▸ What you have to do
No pictures belong in the result; set down exactly the lines from the one containing "27 Jan 2021" through the final line of the listing, and nothing more.

▸ Input data

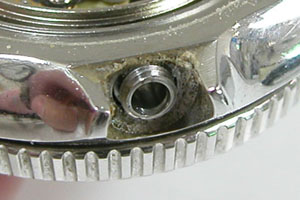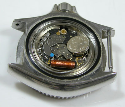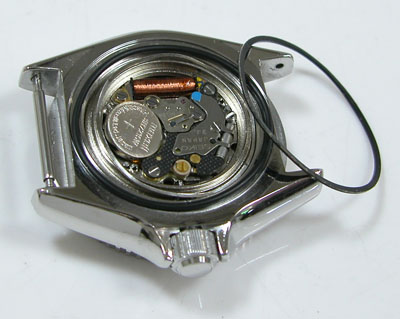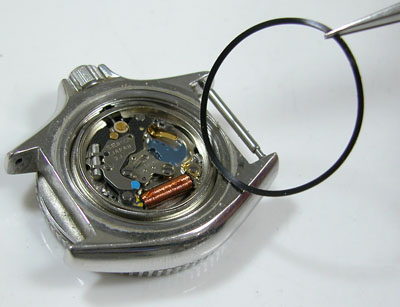 パッキンは交換してシリコン塗布をしてケースに戻します。電池を入れて動作確認ですが秒針がステップではなく引きずる様な動きをします。
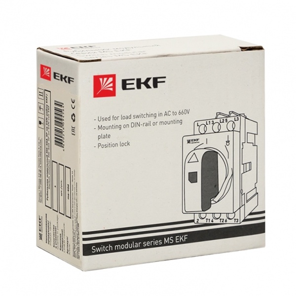 • Рубильник модульный EKF PROxima MS-40A 3P 40А трехфазный (выключатель нагрузки)
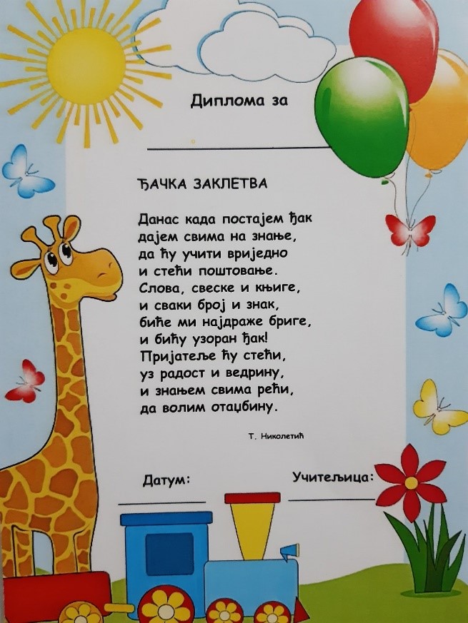 Након полагања свечане ,,Ђачке заклетве“, прваци су добили пригодне поклоне од школе и Града Бања Лука те бесплатне уџбенике за први разред.
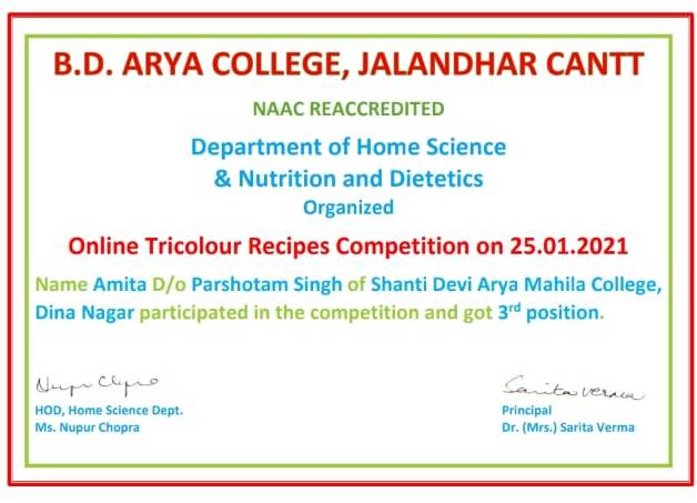 27 Jan 2021 ↑ Amita ,Home Science student from BA-V got 3rd position in Competition of Tri Colour recipe organised by B.D.Arya College Jalandhar Cant on 26/1/21.
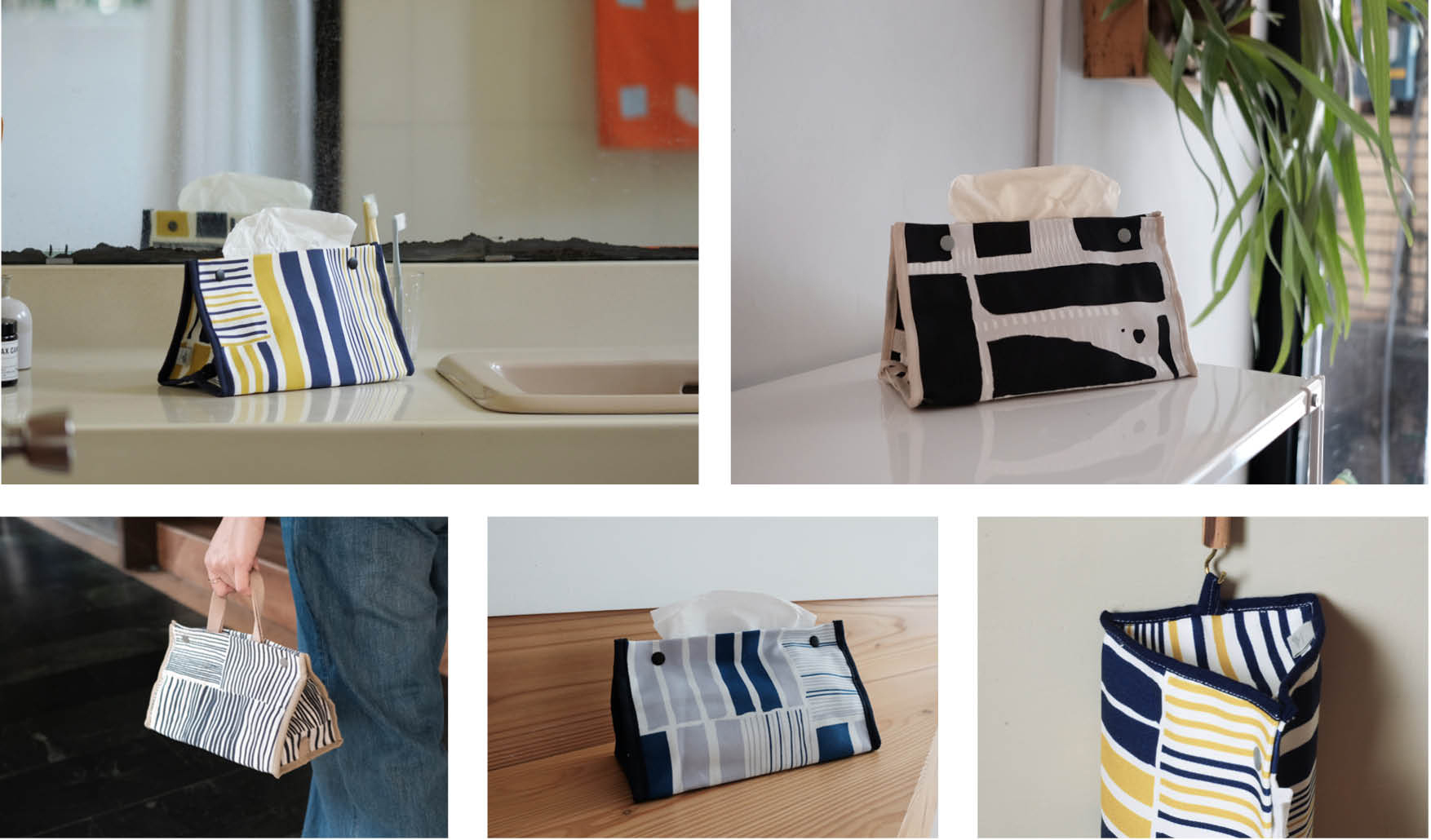 兼具實用性及美感的純棉印花帆布面紙套,讓原本抽取式面紙的塑膠套外包裝改頭換面,心情也跟著煥然一新。

▸ Worked solution
 27 Jan 2021 ↑ Amita ,Home Science student from BA-V got 3rd position in Competition of Tri Colour recipe organised by B.D.Arya College Jalandhar Cant on 26/1/21.
 兼具實用性及美感的純棉印花帆布面紙套,讓原本抽取式面紙的塑膠套外包裝改頭換面,心情也跟著煥然一新。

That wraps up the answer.